Evaluating self-care products

How often have you stood at the doors of a convention hall overwhelmed by the number of aisles and booths? You want to hear about the latest self-care products for your patients, but the selection is quite confusing.

Nov 1st, 2002

How often have you stood at the doors of a convention hall overwhelmed by the number of aisles and booths? You want to hear about the latest self-care products for your patients, but the selection is quite confusing. Almost every product has a combination of ingredients or benefits — sensitivity relief, tartar control, tooth whitening, etc.

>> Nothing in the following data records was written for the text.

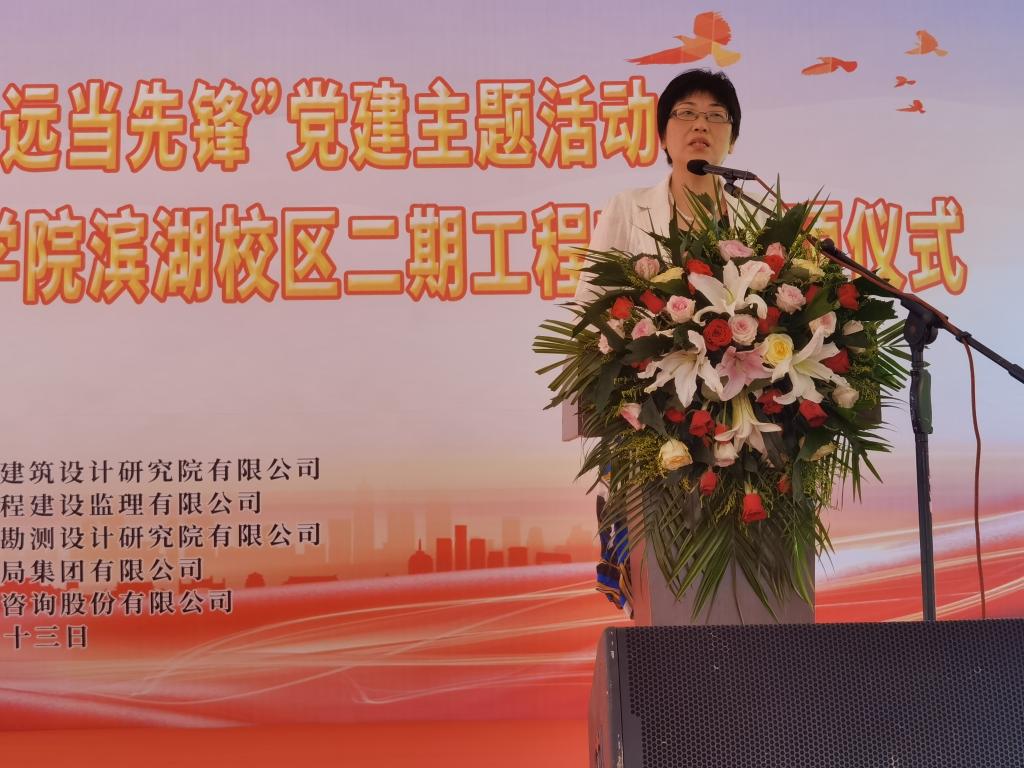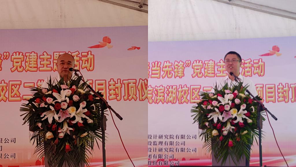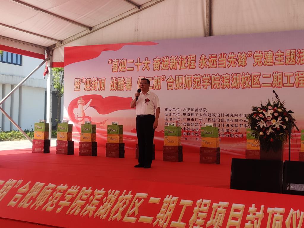 党委副书记、院长方东玲发表热情洋溢的讲话,对项目主体结构的顺利封顶表示热烈的祝贺,向全体建设者致以诚挚的慰问。她指出,工程启动以来,施工、监理、设计、审计等参建单位发扬艰苦奋斗的优良作风,齐心协力、攻坚克难,积极开展各项建设工作;学院各职能部门以强烈的主人翁意识,通力协作、担当作为,认真开展管理服务工作。她强调,全部单体顺利封顶后,二期工程将进入外墙粉饰、室内装饰、管网布局、绿化景观等施工新阶段,希望各参建单位继续发扬苦干实干作风,进一步加强安全管理,优化工程质量,加快施工进度,携手打造“社会满意、师生放心”的百年工程,确保二期工程如期建成投入使用。学院将以建好用好滨湖校区为新动力,凝心聚力、乘势而上,奋力推进硕士学位授予单位建设和创建合肥师范大学,加快提升服务区域经济社会发展能力,以优异成绩迎接党的二十大胜利召开。
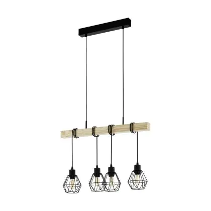 Eglo Hanglamp Townshend 5 Staal Hout Zwart | IP20 - Geschikt voor 4x E27
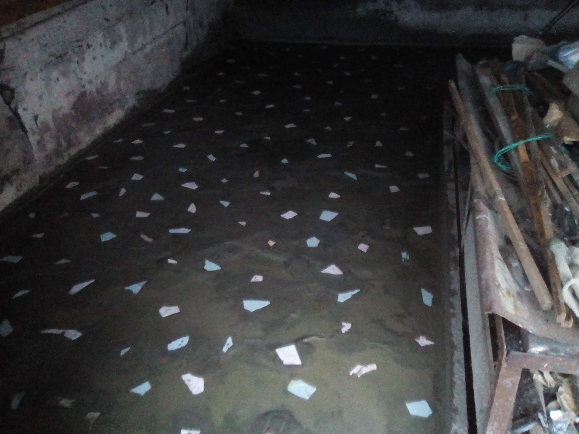 Залитый бетонный пол в наражеПосле чего бетон затирали с топпингом до глянца.
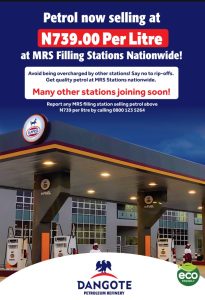 “We encourage Nigerians to avoid buying PMS at excessively high prices when they can access locally refined fuel at ₦739 per litre from over 2,000 MRS stations nationwide. Report any MRS station selling above ₦739 per litre by calling 0800 123 5264,” the refinery said.
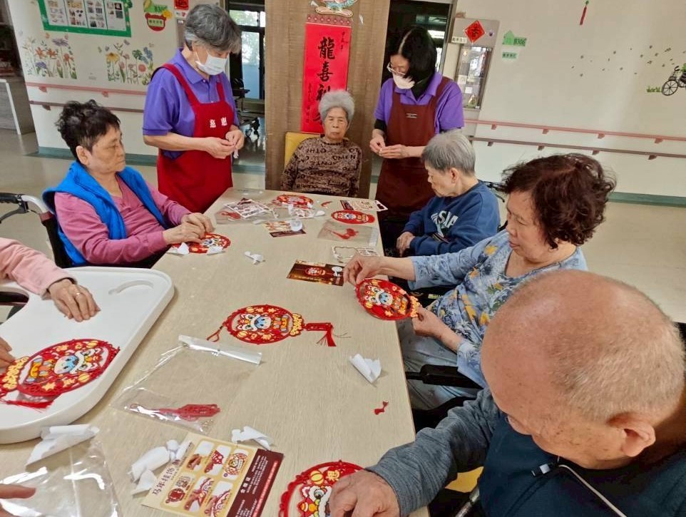 除夕當天,各單元區辦理春節手作活動,由工作人員陪伴長輩親手製作不織布馬年掛飾,長輩們細心完成屬於自己新年作品,展現滿滿成就感與自信心。
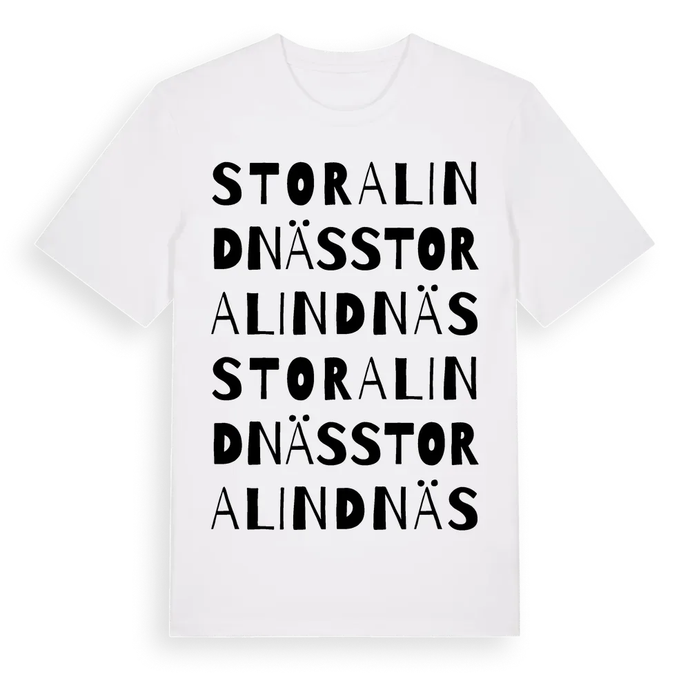 Stora Lindnäs ordlek t-shirt är inspirerad av Stora Lindnäs i Västmanlands län, Sverige. Tröjan är designad för dig som har en speciell koppling till platsen – oavsett om du bor här, har rötterna här eller bara älskar Stora Lindnäs.
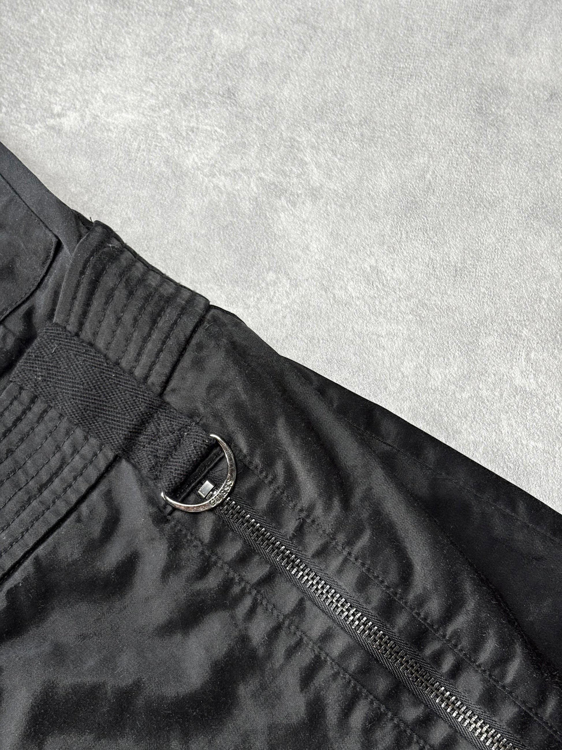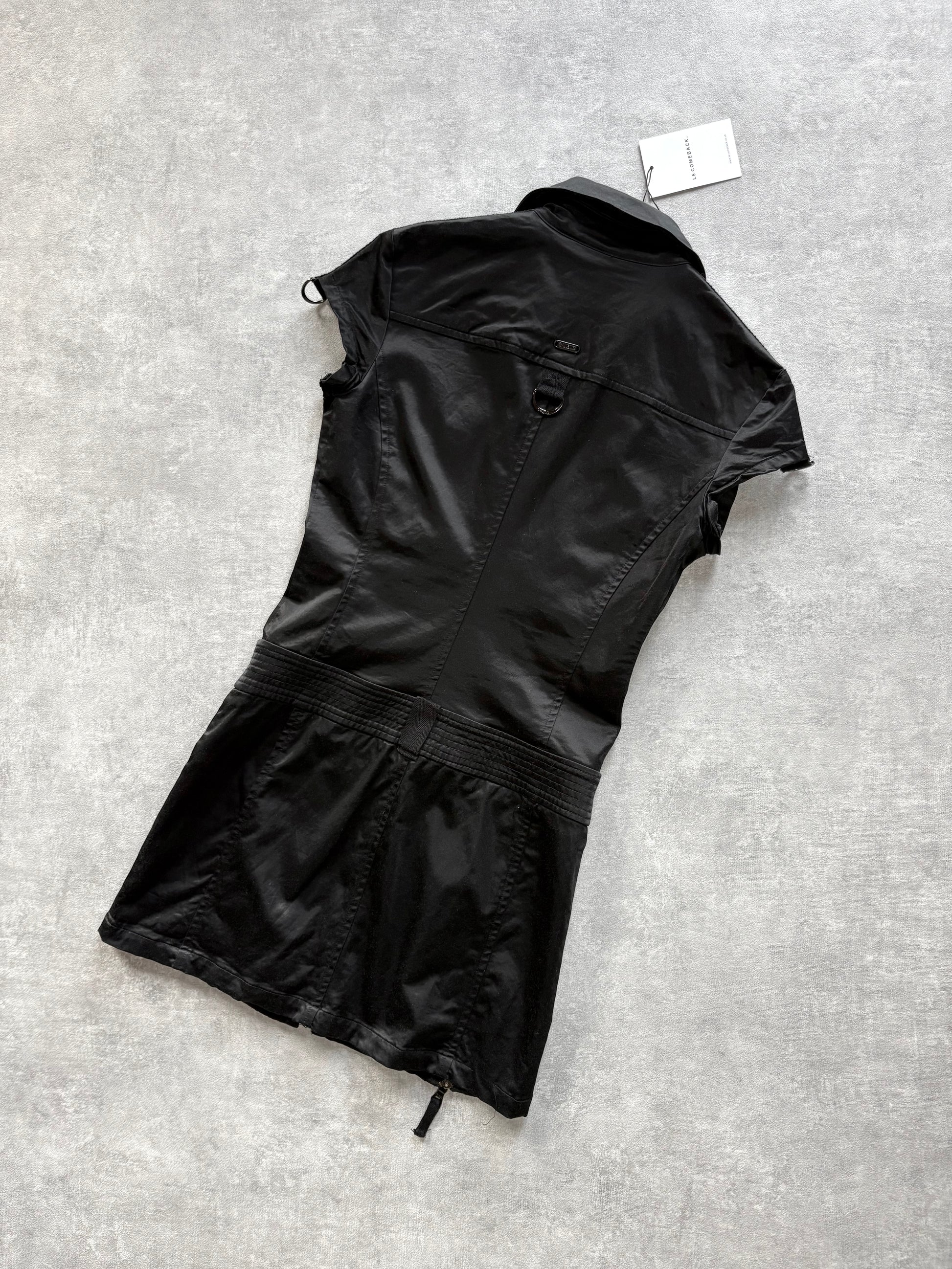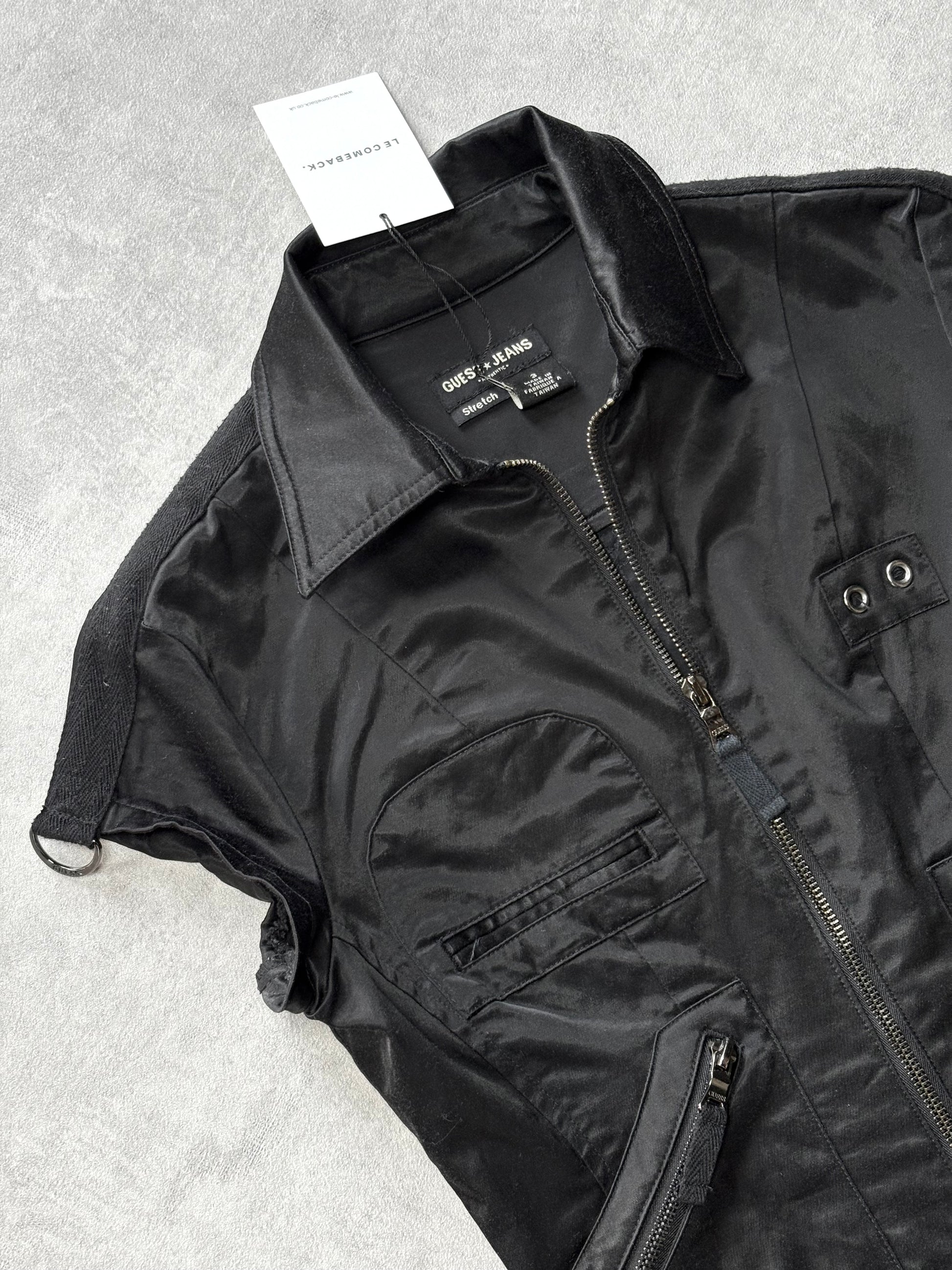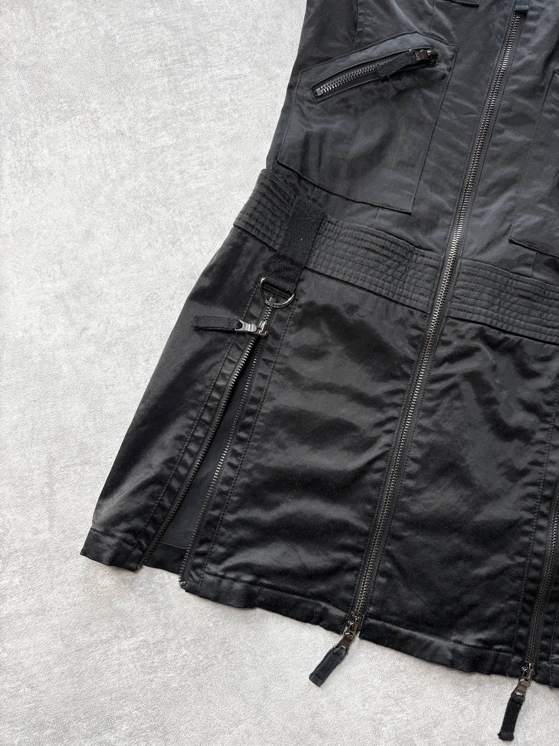 Vintage Guess utility mini dress with full length front zip. Double leg zips. Satin style fabric. Silver engraved hardware.

So you categorize in your mind certain clinical signs and symptoms of your patients. You begin your product investigation based on what will serve each patient group. One group may include patients who present with exposed dentin. Often, you are aware of the documented causes — physiological wear during normal chewing, pathological wear by bruxing, cervical abrasion by incorrect or excessive brushing, abrasive agents, tooth erosion by acids, tooth abfraction by occlusal stresses, caries, and mechanical contact. You want to be able to advise these patients on selecting appropriate self-care products.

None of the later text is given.